> **Prompt**
Once the line containing "當第一縷朝陽的光芒灑在德姆拉" is found in the records below, return it and each following line exactly, up to and including the line containing "This ELISA kit", and nothing else.

> **Records shown**
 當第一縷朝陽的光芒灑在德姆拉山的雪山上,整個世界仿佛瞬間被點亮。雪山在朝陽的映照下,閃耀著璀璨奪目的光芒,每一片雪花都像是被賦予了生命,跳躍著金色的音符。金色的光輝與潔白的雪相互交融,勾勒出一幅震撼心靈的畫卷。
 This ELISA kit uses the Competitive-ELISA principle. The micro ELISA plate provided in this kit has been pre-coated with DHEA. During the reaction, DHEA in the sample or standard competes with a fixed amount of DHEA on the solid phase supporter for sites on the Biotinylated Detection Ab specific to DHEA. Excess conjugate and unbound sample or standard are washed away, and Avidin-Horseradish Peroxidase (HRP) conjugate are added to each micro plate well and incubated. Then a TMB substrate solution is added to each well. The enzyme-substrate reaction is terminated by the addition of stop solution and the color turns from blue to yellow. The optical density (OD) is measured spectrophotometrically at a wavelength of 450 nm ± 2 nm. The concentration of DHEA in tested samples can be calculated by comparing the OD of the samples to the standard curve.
* * *
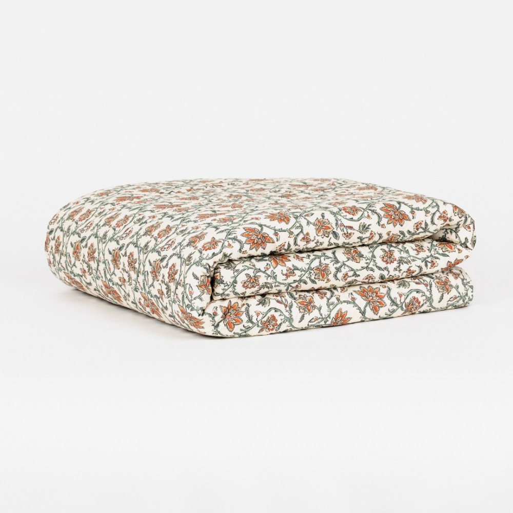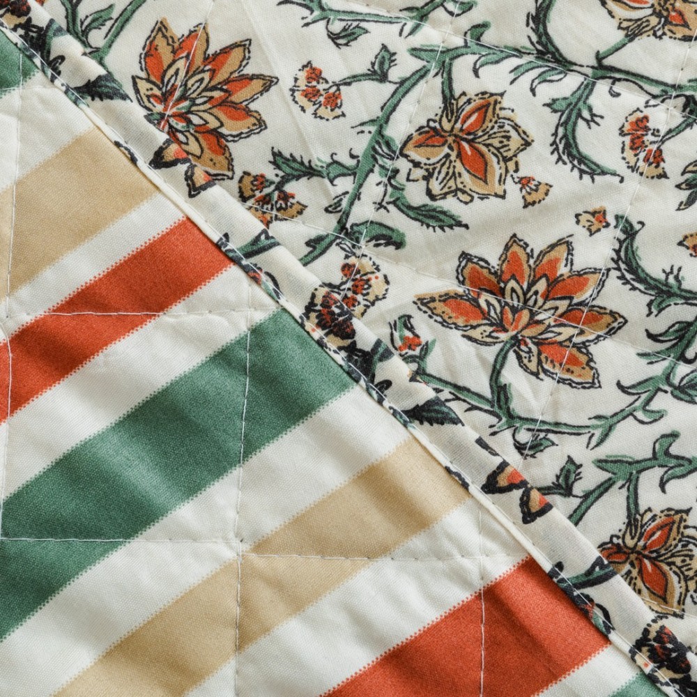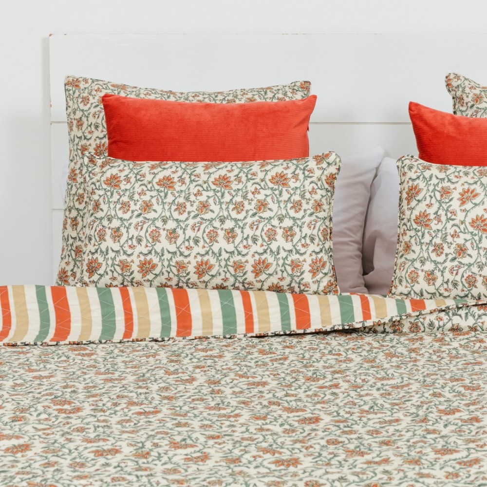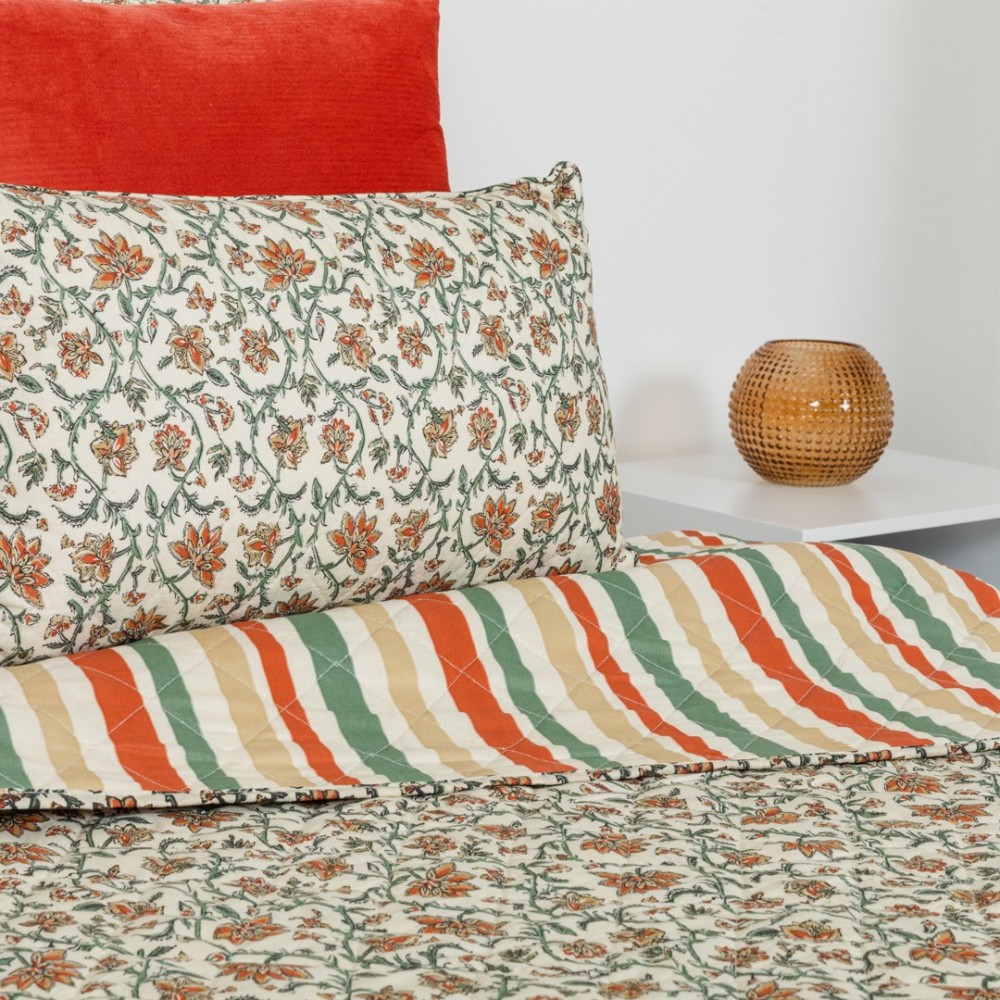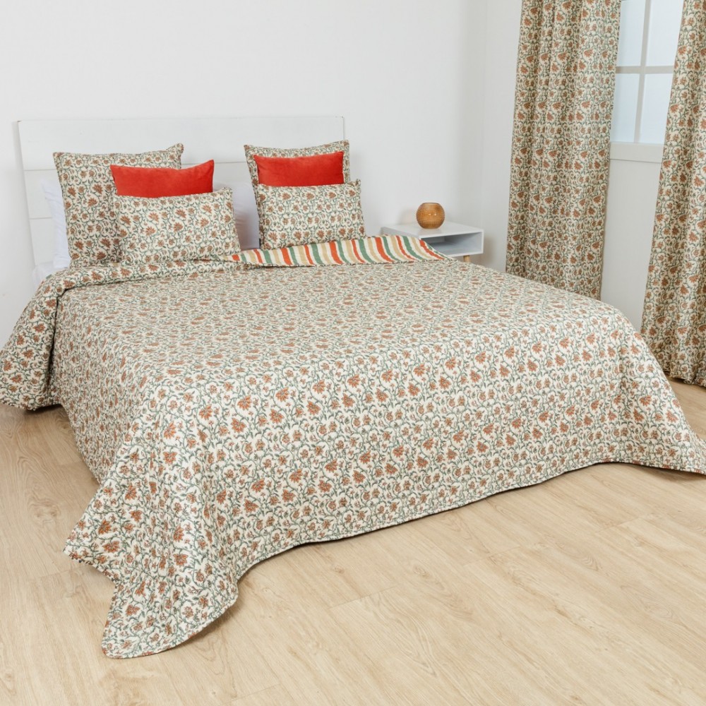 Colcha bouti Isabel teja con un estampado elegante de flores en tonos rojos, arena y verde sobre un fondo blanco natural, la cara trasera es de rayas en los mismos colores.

> **Exercise result**
 當第一縷朝陽的光芒灑在德姆拉山的雪山上,整個世界仿佛瞬間被點亮。雪山在朝陽的映照下,閃耀著璀璨奪目的光芒,每一片雪花都像是被賦予了生命,跳躍著金色的音符。金色的光輝與潔白的雪相互交融,勾勒出一幅震撼心靈的畫卷。
 This ELISA kit uses the Competitive-ELISA principle. The micro ELISA plate provided in this kit has been pre-coated with DHEA. During the reaction, DHEA in the sample or standard competes with a fixed amount of DHEA on the solid phase supporter for sites on the Biotinylated Detection Ab specific to DHEA. Excess conjugate and unbound sample or standard are washed away, and Avidin-Horseradish Peroxidase (HRP) conjugate are added to each micro plate well and incubated. Then a TMB substrate solution is added to each well. The enzyme-substrate reaction is terminated by the addition of stop solution and the color turns from blue to yellow. The optical density (OD) is measured spectrophotometrically at a wavelength of 450 nm ± 2 nm. The concentration of DHEA in tested samples can be calculated by comparing the OD of the samples to the standard curve.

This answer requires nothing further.